> [MATERIAL PROVIDED]:
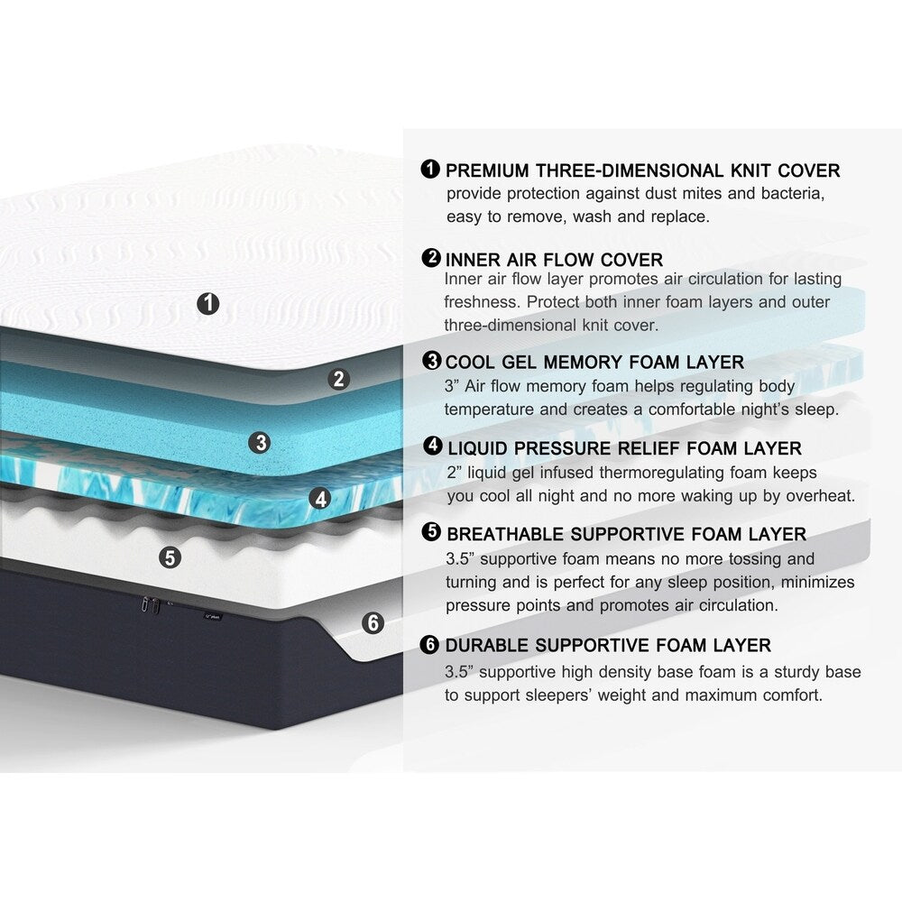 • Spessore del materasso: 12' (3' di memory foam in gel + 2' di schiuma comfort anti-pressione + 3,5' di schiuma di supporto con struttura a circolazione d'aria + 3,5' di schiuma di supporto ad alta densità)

...

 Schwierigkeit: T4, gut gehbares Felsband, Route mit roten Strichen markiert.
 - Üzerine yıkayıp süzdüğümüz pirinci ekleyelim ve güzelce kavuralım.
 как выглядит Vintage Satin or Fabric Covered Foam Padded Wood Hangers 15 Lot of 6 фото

> [REQUIRED ACTION]:
Taking the entries above, write out exactly each line from the one holding "- Üzerine yıkayıp" to the one holding "как выглядит Vintage", both included, and stop there.

> [RESULT OF THE EXERCISE]:
 - Üzerine yıkayıp süzdüğümüz pirinci ekleyelim ve güzelce kavuralım.
 как выглядит Vintage Satin or Fabric Covered Foam Padded Wood Hangers 15 Lot of 6 фото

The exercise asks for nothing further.